We present a novel instance-level method to model spatial-temporal patterns for person re-identification. The proposed method provides personalized predictions by leveraging the instance-level state information of each pedestrian.
•

The instance-level spatial-temporal patterns are decoupled into transmission probabilities and time interval distributions between cameras in the proposed method. The spatial and temporal patterns become complementary rather than in conflict as existing methods.
•

Without bells and whistles, the proposed method surpasses the baseline model based on visual features by 16.9% on DukeMTMC-reID and 8.6% on Market-1501 in the term of mAP, and outperforms the state-of-the-art method based on spatial-temporal patterns by 4.8% on DukeMTMC-reID and 2.2% on Market-1501.

2 Related Work

2.1 Visual Features based Re-ID

Person re-identification addresses the problem of matching pedestrian images across non-overlapping camera views [25]. Many studies exploit discriminative visual features [2, 22, 33].

Deep learning algorithms foster significant improvements in the field of person re-identification. Some researchers attempt to explore effective convolutional neural networks [1, 5, 8, 9, 26, 27, 31, 32, 36, 38]. Some studies explore training strategies and loss functions for person re-identification [1, 8, 9, 27]. Recently, some studies leverage the structure information of person images, such as parsing information [4, 14, 19, 21], pose of the pedestrians [3, 16, 17], or human body key points [29].
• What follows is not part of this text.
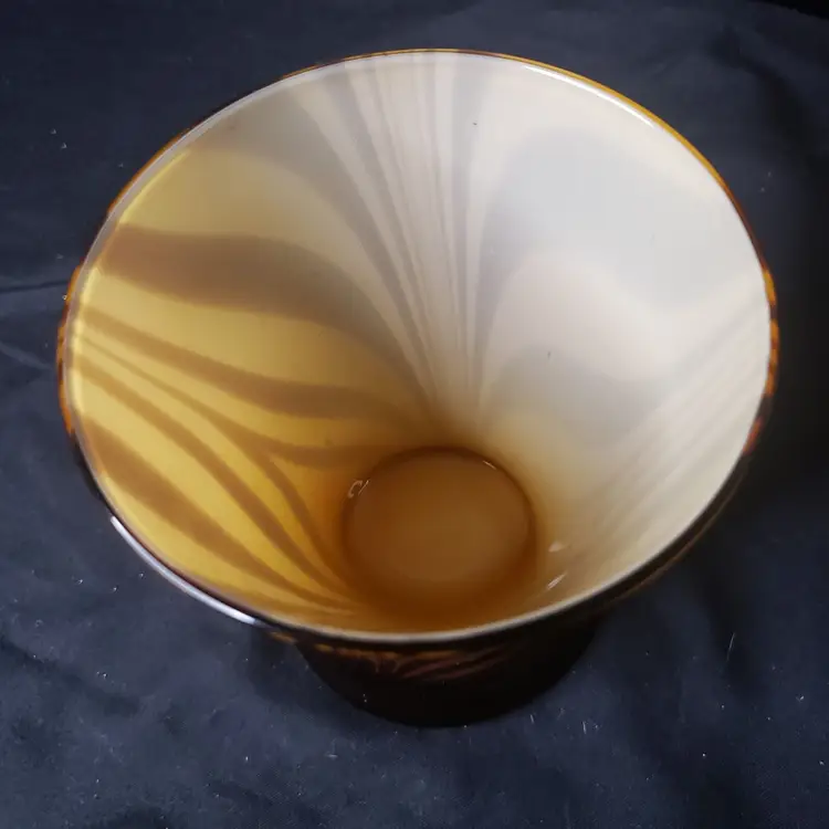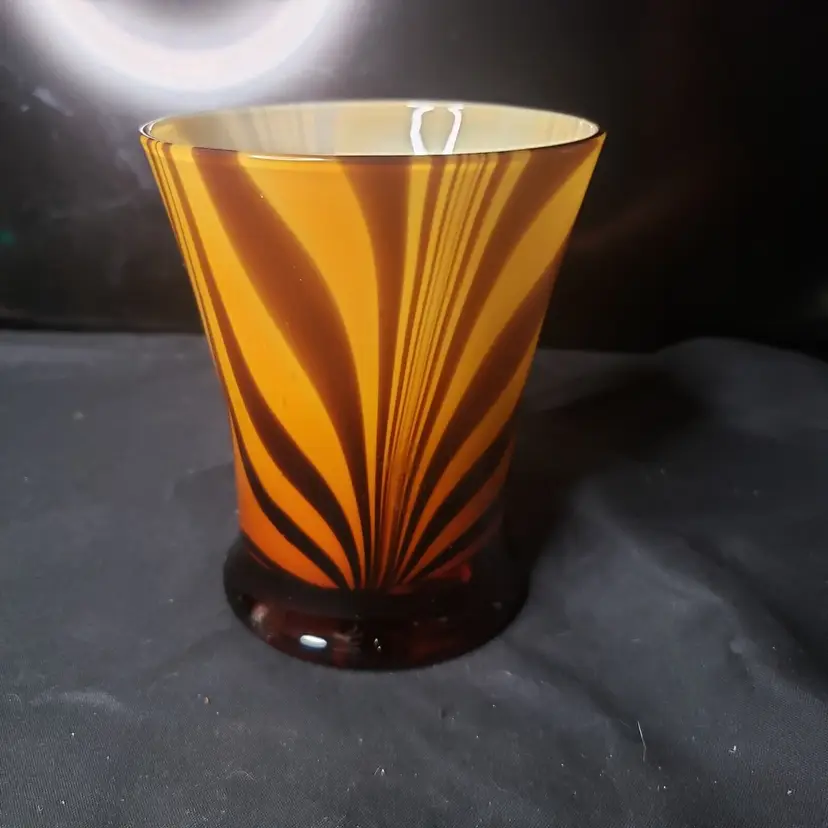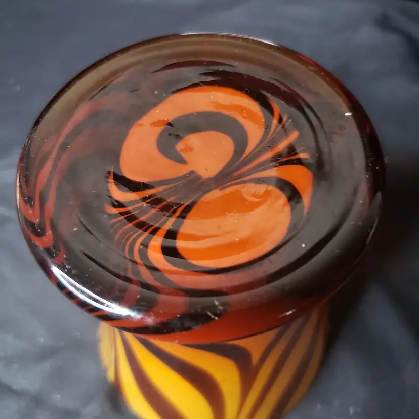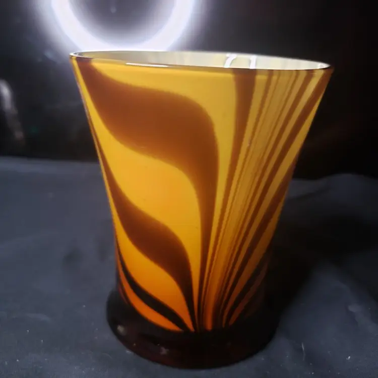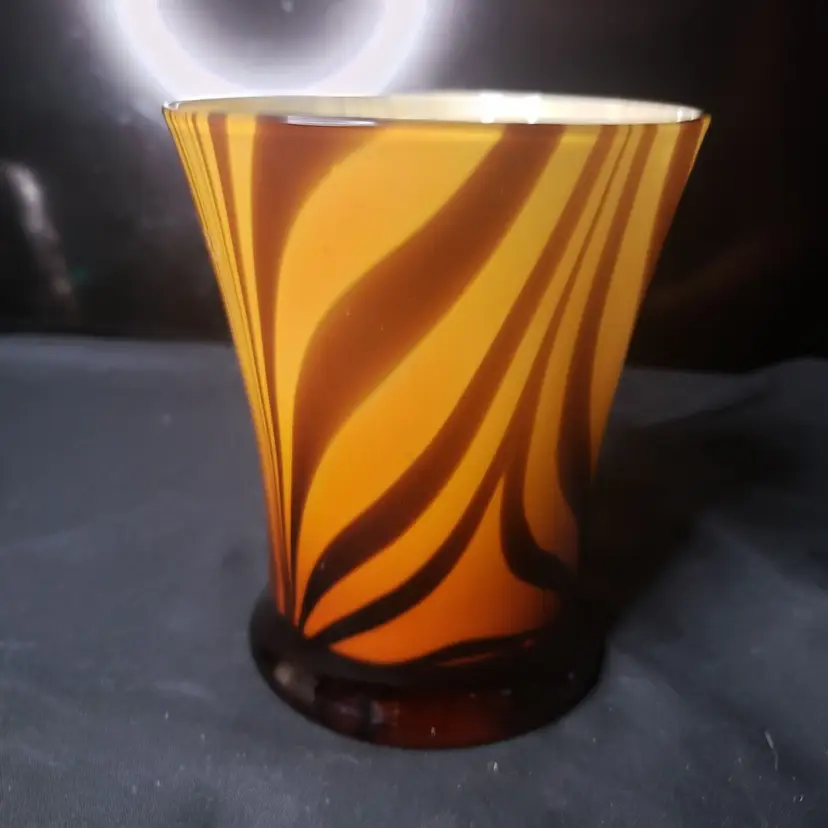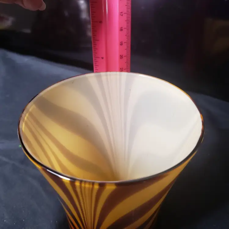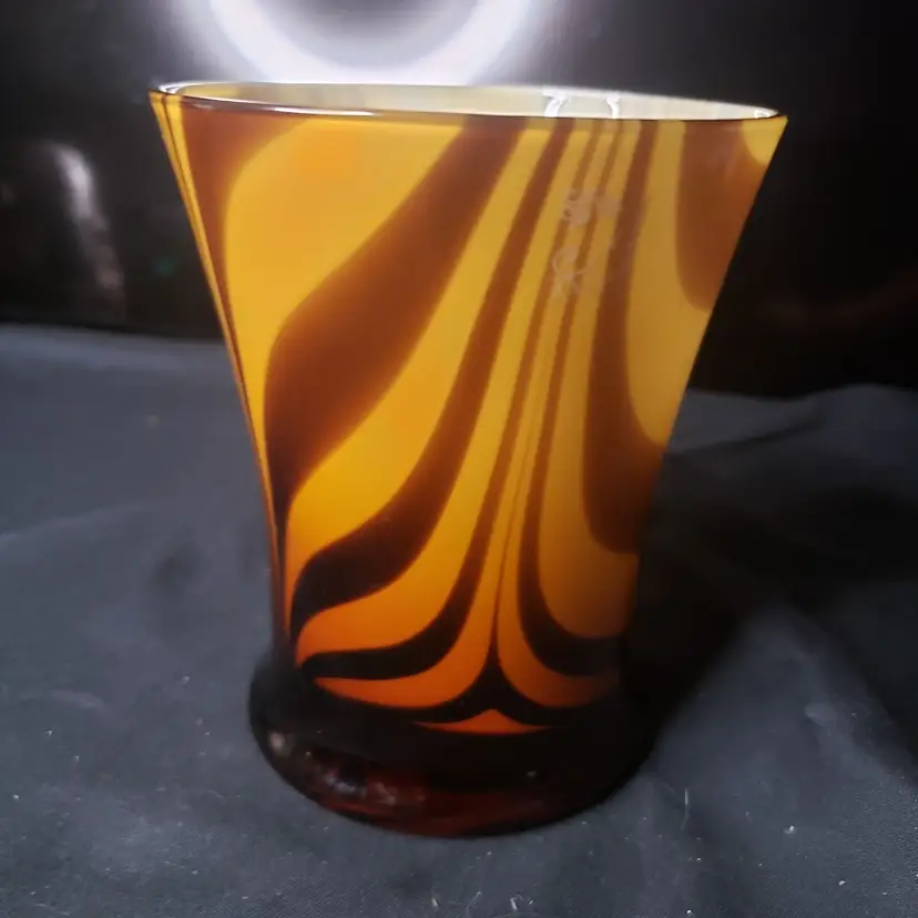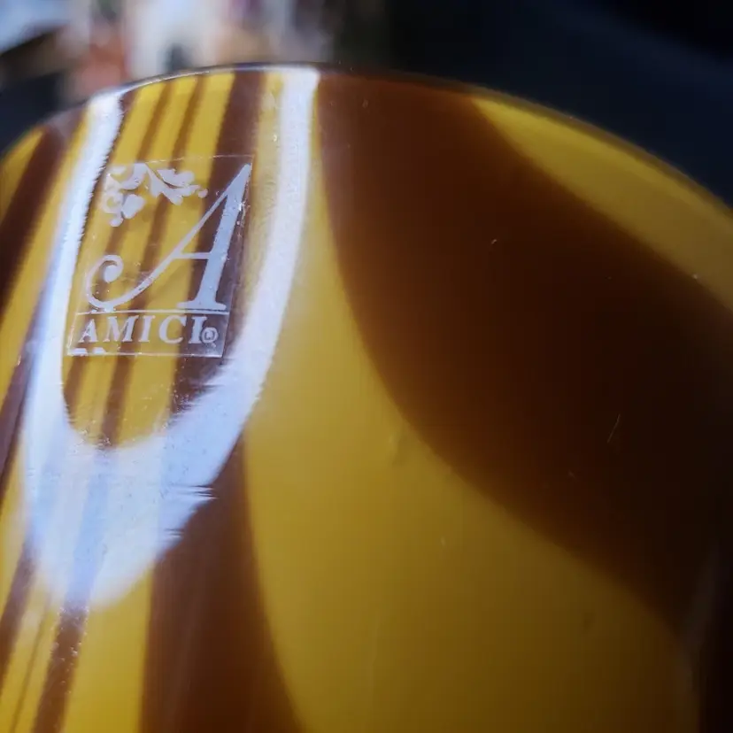 Brand: Amici Pattern: Swirl Type: Vase Color: Amber Style: Mid-Century Modern Material: Glass Production Style: Art Glass Production Technique: Art Glass Subject: Abstract Art

However, appearance-based methods are still far from practical applications. They are not discriminative enough in complex scenarios where pedestrians may exhibit similar appearance and clothes. It is hard to further improve the performance using only appearance-based features.

2.2 Spatial-temporal Person Re-ID

There are some researchers who have paid attention to the topology of cameras since the spatial-temporal patterns implied in the topology are essential for cross-camera retrieval. The spatial-temporal constraints are utilized to filter out the irrelevant gallery images [7, 15, 18, 30]. Huang et al. [30] propose a method to take both visual feature representation and spatial-temporal constraints into consideration for person re-identification. However, this method makes a strong assumption that the time intervals between cameras follow Weibull distribution. This assumption is invalid for complex scenarios. Cho et al. [18] propose a framework to integrate camera network topology into person re-identification. However, the temporal constraints are simply realized by time thresholds, which cannot handle massive gallery images and complex cases in practice. Lv et al. [15] propose a method that leverage the spatial-temporal constraints for cross-dataset person re-identification. The spatial-temporal constraints improve the performance on the target dataset by enhancing the pseudo label during training. It is not proper to be directly applied to general person re-identification tasks. Wang et al. [7] propose a two-stream architecture to apply spatial-temporal constraints to person re-identification. However, the spatial-temporal constraints are coupled together in this method, which is harmful to recalling positive samples. All these spatial-temporal person Re-ID methods establish the patterns based on the camera-level information, which means they can not provide fine-grained constraints for each instance.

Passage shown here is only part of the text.